00:49:28.561‖ ChangeTracker: CBLSocketChangeTracker[0x6000001d7160 master]: POST //CENSORED.amazonaws.com/master/_changes?feed=normal&heartbeat=300000&style=all_docs&since=94106%3A30367 {
    "Accept-Encoding" = gzip;
    Authorization = "Basic CENSORED";
    "Content-Length" = 102;
    "Content-Type" = "application/json";
    Host = "CENSORED.amazonaws.com";
    "User-Agent" = "CouchbaseLite/1.3 (iOS 1.4.1/86c63659b56d87406eac3b1e4db631fe67098139)";
}
00:49:28.561‖ ChangeTracker: Changes feed using proxy settings {
    ExceptionsList =     (
        "*.local",
        "169.254/16"
    );
    FTPPassive = 1;
    "__SCOPED__" =     {
        en4 =         {
            ExceptionsList =             (
                "*.local",
                "169.254/16"
            );
            FTPPassive = 1;
        };
    };
}
00:49:28.561‖ ChangeTracker: CBLSocketChangeTracker[0x6000001d7160 master]: Started... <http://CENSORED.amazonaws.com/master/_changes?feed=normal&heartbeat=300000&style=all_docs&since=94106:30367>
00:49:28.562‖ ChangeTracker: CBLSocketChangeTracker[0x6000001d7160 master]: Event 1 on <__NSCFInputStream: 0x6080001152a0>
00:49:31.597‖ Sync: CBLRestPuller[http://CENSORED.amazonaws.com/master] Progress: 0 / 100
00:49:31.602‖ Sync: CBLRestPuller[http://CENSORED.amazonaws.com/master] queued 11 remote revisions from seq=94106:30368 (11 in bulk, 0 individually)

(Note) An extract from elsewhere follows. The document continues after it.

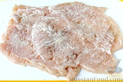 2 Отбейте филе, выложив пленочной стороной вниз. Посолите и поперчите отбитое мясо.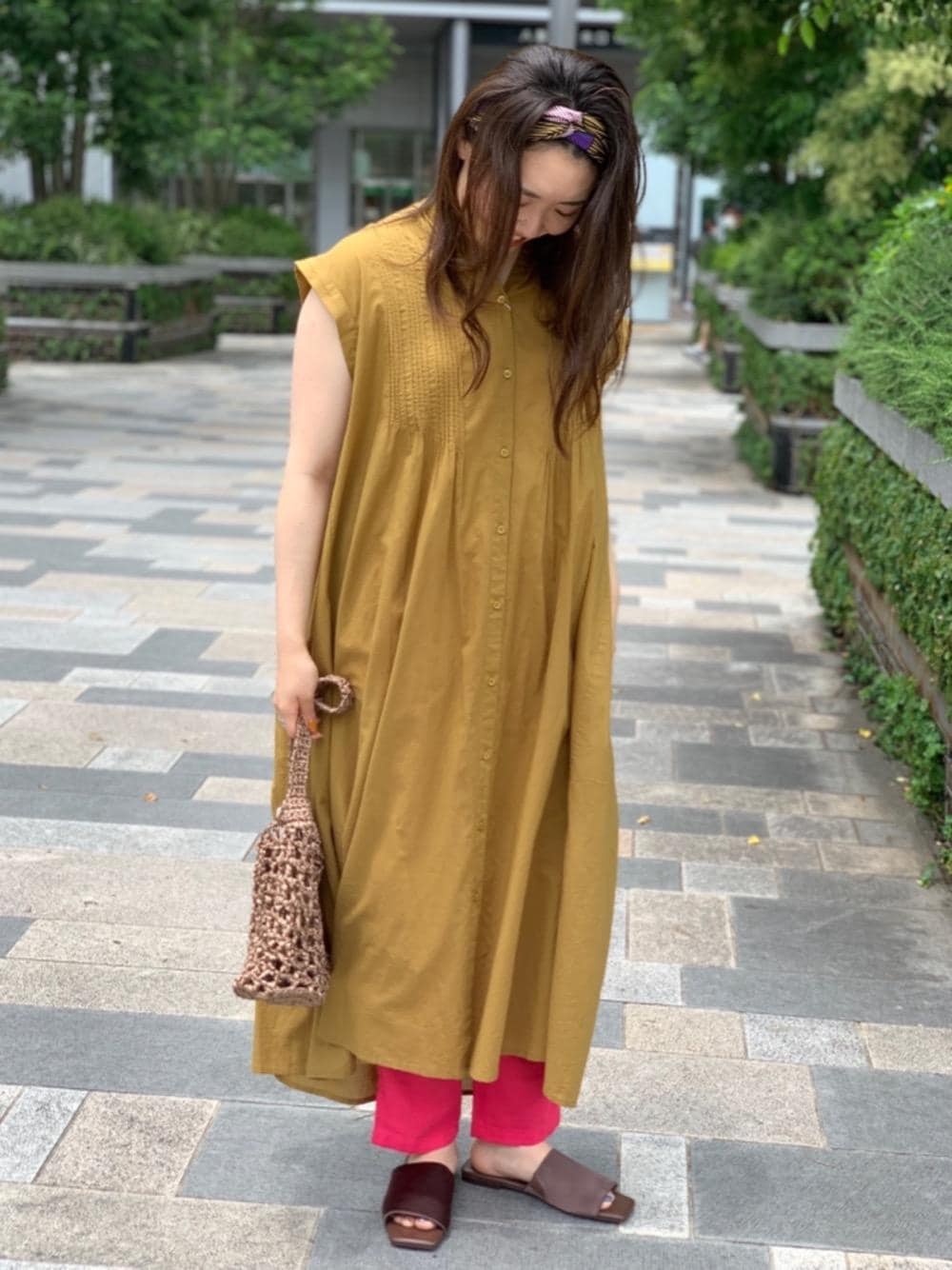 身長:157cm 着用サイズ:ワンピース(size FREE)パンツ(size 36) 華やかなカラーで合わせたお出かけスタイルです。 ワンピースは一枚でも短すぎない丈で、いろいろなコーディネートが楽しめます◎

In the first case it’s requesting changes since 94107 and getting nothing. In the second case it’s requesting changes since 94106:30367 and finding documents. When the client has eventually replicated all documents it again requests changes since 94107 and is idle. Why is the client apparently prematurely getting to the the 94107 sequence number? What’s happening when the pull replication starts again after the app is restarted that allows the client to figure out it needs to start at 94106:30367 instead of where it previously left off at 94107?

This is mysterious. I’ve filed a Github issue and pasted in your initial description (thanks for the detailed info & logs!) Let’s continue there.